Exxon-Mobil and ConocoPhillips reported surging profits last quarter, and both used over half of net income to buy back their own stock in the open market. No extraordinary dividends or bold new re-investment or acquisition programs. Center for American Progress, which has the figures here, points out that the effect—and probable intent—of such programs is to drive up share prices, which makes executive stock options more valuable. Warren Buffett explained and complained about this practice in the 2005 Berkshire Hathaway annual report (at 16).
Too often, executive compensation in the U.S. is ridiculously out of line with performance. That won’t change, moreover, because the deck is stacked against investors when it comes to the CEO’s pay. The upshot is that a mediocre-or-worse CEO – aided by his handpicked VP of human relations and a consultant from the ever-accommodating firm of Ratchet, Ratchet and Bingo – all too often receives gobs of money from an ill-designed compensation arrangement. Take, for instance, ten year, fixed-price options (and who wouldn’t?). If Fred Futile, CEO of Stagnant, Inc., receives a bundle of these – let’s say enough to give him an option on 1% of the company – his self-interest is clear: He should skip dividends entirely and instead use all of the company’s earnings to repurchase stock.
Let’s assume that under Fred’s leadership Stagnant lives up to its name. In each of the ten years after the option grant, it earns $1 billion on $10 billion of net worth, which initially comes to $10 per share on the 100 million shares then outstanding. Fred eschews dividends and regularly uses all earnings to repurchase shares. If the stock constantly sells at ten times earnings per share, it will have appreciated 158% by the end of the option period. That’s because repurchases would reduce the number of shares to 38.7 million by that time, and earnings per share would thereby increase to $25.80. Simply by withholding earnings from owners, Fred gets very rich, making a cool $158 million, despite the business itself improving not at all. Astonishingly, Fred could have made more than $100 million if Stagnant’s earnings had declined by 20% during the ten-year period.

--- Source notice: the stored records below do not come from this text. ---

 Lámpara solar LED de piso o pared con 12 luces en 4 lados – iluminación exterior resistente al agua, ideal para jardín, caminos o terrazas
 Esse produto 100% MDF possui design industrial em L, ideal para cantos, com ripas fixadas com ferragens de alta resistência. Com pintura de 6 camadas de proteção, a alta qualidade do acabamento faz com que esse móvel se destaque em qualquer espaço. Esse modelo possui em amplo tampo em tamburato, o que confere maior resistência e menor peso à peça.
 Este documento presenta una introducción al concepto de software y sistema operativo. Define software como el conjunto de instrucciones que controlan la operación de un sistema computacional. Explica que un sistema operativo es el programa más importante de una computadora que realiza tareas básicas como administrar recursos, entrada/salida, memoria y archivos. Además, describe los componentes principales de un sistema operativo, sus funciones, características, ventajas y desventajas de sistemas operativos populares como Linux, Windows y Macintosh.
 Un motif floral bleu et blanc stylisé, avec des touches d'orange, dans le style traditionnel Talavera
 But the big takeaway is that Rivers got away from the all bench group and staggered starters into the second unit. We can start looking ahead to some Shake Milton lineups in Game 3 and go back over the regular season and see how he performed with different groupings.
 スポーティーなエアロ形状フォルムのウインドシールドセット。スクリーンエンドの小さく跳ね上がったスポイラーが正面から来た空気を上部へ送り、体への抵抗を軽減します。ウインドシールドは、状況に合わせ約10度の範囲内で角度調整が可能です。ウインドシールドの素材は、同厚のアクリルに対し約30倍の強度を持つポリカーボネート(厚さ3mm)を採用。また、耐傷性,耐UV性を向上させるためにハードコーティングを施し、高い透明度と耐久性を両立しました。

Fred can also get a splendid result for himself by paying no dividends and deploying the earnings he withholds from shareholders into a variety of disappointing projects and acquisitions. Even if these initiatives deliver a paltry 5% return, Fred will still make a bundle. Specifically – with Stagnant’s p/e ratio remaining unchanged at ten – Fred’s option will deliver him $63 million. Meanwhile, his shareholders will wonder what happened to the “alignment of interests” that was supposed to occur when Fred was issued options.

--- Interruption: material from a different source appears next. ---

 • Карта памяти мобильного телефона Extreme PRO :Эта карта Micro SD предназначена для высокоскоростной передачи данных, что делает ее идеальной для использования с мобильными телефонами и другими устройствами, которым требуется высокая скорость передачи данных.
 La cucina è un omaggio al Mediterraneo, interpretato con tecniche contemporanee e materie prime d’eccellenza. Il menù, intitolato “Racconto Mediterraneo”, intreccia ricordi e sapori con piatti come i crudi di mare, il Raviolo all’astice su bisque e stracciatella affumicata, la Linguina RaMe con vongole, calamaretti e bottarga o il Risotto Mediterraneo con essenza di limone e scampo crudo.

A “normal” dividend policy, of course – one-third of earnings paid out, for example – produces less extreme results but still can provide lush rewards for managers who achieve nothing.
CEOs understand this math and know that every dime paid out in dividends reduces the value of all outstanding options. I’ve never, however, seen this manager-owner conflict referenced in proxy materials that request approval of a fixed-priced option plan. Though CEOs invariably preach internally that capital comes at a cost, they somehow forget to tell shareholders that fixed-price options give them capital that is free.

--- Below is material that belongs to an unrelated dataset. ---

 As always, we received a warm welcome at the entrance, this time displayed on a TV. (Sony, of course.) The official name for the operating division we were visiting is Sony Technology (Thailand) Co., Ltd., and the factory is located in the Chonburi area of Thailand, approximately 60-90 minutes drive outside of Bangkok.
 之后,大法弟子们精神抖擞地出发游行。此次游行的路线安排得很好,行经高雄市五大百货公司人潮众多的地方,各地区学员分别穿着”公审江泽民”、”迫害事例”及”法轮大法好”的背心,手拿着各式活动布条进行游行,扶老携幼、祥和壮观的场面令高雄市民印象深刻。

It doesn’t have to be this way: It’s child’s play for a board to design options that give effect to the automatic build-up in value that occurs when earnings are retained. But – surprise, surprise – options of that kind are almost never issued. Indeed, the very thought of options with strike prices that are adjusted for retained earnings seems foreign to compensation “experts,” who are nevertheless encyclopedic about every management-friendly plan that exists. (“Whose bread I eat, his song I sing.”)
Getting fired can produce a particularly bountiful payday for a CEO. Indeed, he can “earn” more in that single day, while cleaning out his desk, than an American worker earns in a lifetime of cleaning toilets. Forget the old maxim about nothing succeeding like success: Today, in the executive suite, the all-too-prevalent rule is that nothing succeeds like failure.